The innovation consists of a Deep Learning Operator library within VisualApplets, a graphical development environment. By leveraging this award-winning technology, integrators and OEMs can quickly build and adapt high-speed image processing applications with big data throughput into the FPGA processor. It also simplifies the porting of CNNs to other FPGA based hardware platforms. With just a few clicks, developers can implement the Deep Learning Operator library with their pre-trained inference network using the graphical data flow models within VisualApplets. This approach dramatically reduces the development time of Deep Learning applications in FPGAs. A new CNN library operator can, for example, output the probability allocation of defect classes with the highest accuracy for an acquired image.

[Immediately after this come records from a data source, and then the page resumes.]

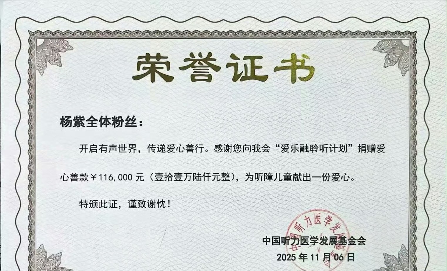 杨紫生日杨紫粉丝给听障儿童捐了116000元,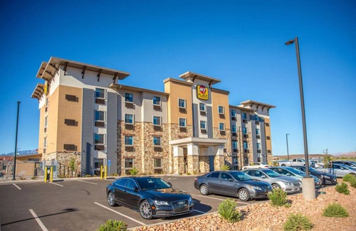 Welcome to our cozy retreat in the heart of St. George, your perfect home away from home! Unwind in our spacious, pet-friendly suite featuring a full kitchen ideal for extended stays. Enjoy our plush, comfortable bedding that ensures restful nights. Our convenient location means easy access to local attractions like Red Hills Desert Garden and Pioneer Park. Plus, enjoy modern comforts with free high-speed Wi-Fi, an EV charging station, and 24-hour laundry facilities. Your perfect getaway awaits!
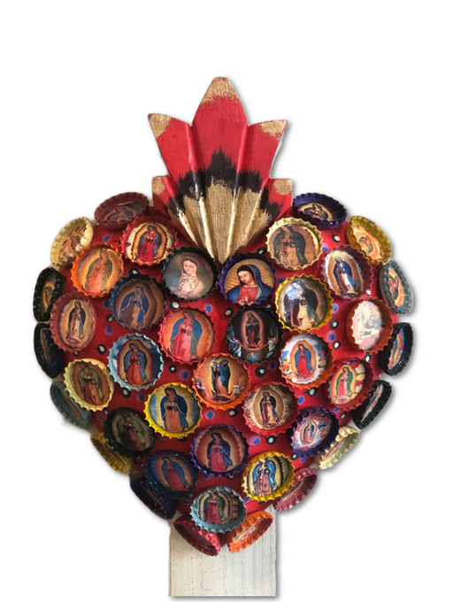 Innovative design. Hand painted wooden Sacred Heart affixed with over two dozen bottle caps, each with assorted Guadalupe images. An impressionab...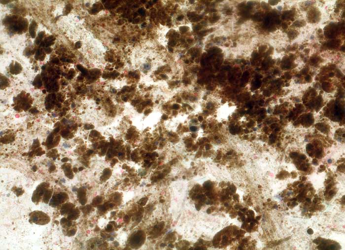 Bronchialsekret: Stark Melanin bildende Zellen. Das Melanin überdeckt die Tumorzellen vollständig.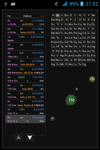 The application contains a list of all the main isotopes of chemical elements, their half-lives. Selecting any of them from the list, the program will show the products of its decay. The program allows you to see more qualitative questions about isotopes in order to understand their diversity in terms of number and decay products. The program is useful for those who are interested in atomic physics.
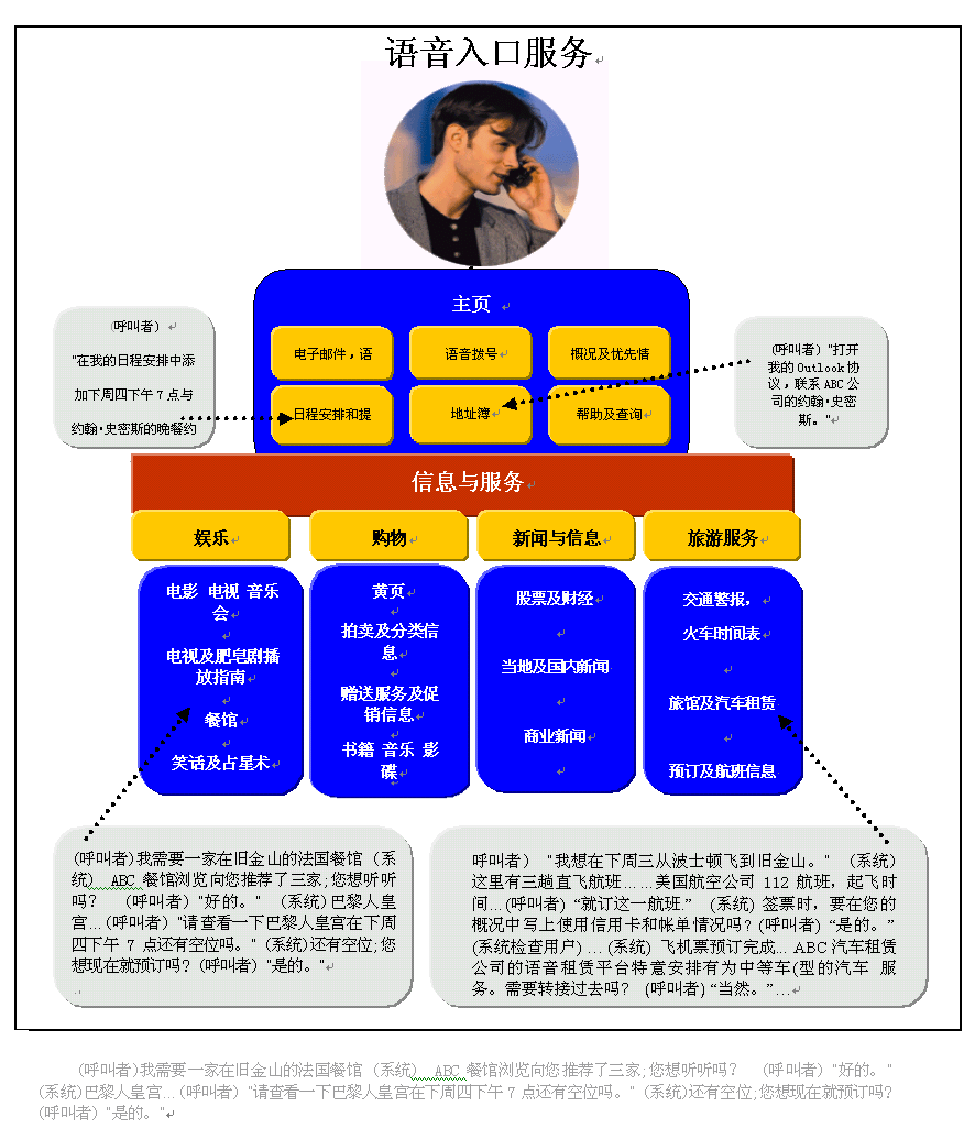 語(yǔ)音網(wǎng)最吸引人之處就在于它可以在一次通話中,同時(shí)處理多個(gè)任務(wù)。下圖表明一名商務(wù)人員是如何安排好與一個(gè)未來的商務(wù)旅行有關(guān)的一系列任務(wù)的。他獲取了對(duì)自己有用的信息,順利達(dá)成了一項(xiàng)語(yǔ)音商務(wù)交易,接收個(gè)人信息和辦公室的幫助,并撥打電話所有這些都是在一個(gè)同步過程中完成的。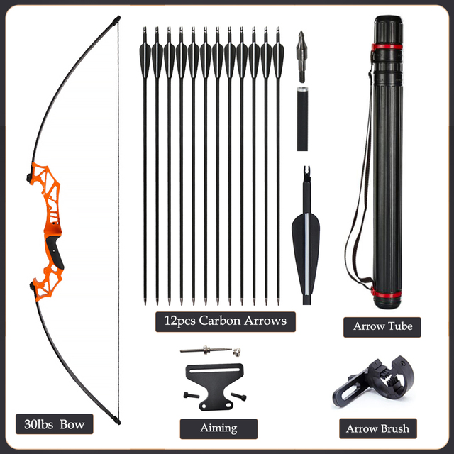 20/30/40/50lbs Archery Bow Recurve Take Down Straight Bow 12pcs Mixed Carbon Arrows Quiver Outdoor Sport Shooting Practice Bow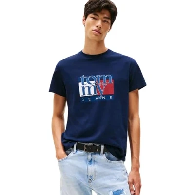 Tommy Jeans Men’s Short Sleeve Round Neck Slim Flag T Shirt, Blue (Dark Night Navy), L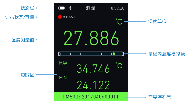 操作界面简洁易用,集成蜂鸣提示、上下限设置等十余项辅助功能,可个性化适配不同测量需求,测量界面能直观呈现状态栏、温度值、记录状态等关键信息;支持实时存储多组带时标数据(储存容量65535个带时标的测试数据记录),还能通过电脑、手机远程监控,自动生成PDF报告,简化工作流程;内置采用大容量可充电锂电池,续航能力可达60小时(理想状态下),可满足长时间作业需求。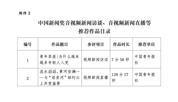 中国新闻奖音视频新闻访谈、音视频新闻直播等参评作品链接: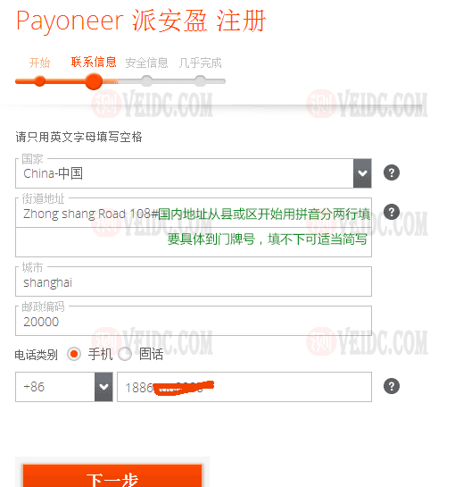 电邮地址:您将使用此电子邮箱登录后台帐户并用其与Payoneer客服沟通;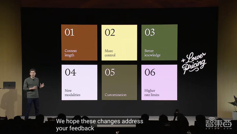 OpenAI宣布推出了最新的、更聪明的AI模型GPT-4 Turbo,阿尔特曼介绍了六大更新点。

Accelerated Implementation of Deep Neuronal Networks (CNN) on FPGAs
Deep Learning applications and FPGAs are a match made in heaven. FPGAs offer massive parallel processing, real-time behavior with deterministic latencies and outstandingly low heat generation, which is ideally suited for Deep Learning in industrial and embedded requirements. Acquired images are processed in real-time by the frame grabber’s FPGA where big bandwidth capacity can generate high performance and detection rates of over 99%. This processing capability allows high resolution images to be classified in real-time. This technology also benefits developers with the long product lifecycle of FPGAs as well as their CNN Intellectual Property being protected within the FPGA hardware.
A “CNN-optimized” frame grabber with a larger and more powerful FPGA is currently in development. It will permit even more complex Deep Learning applications with even higher data throughput in real-time applications.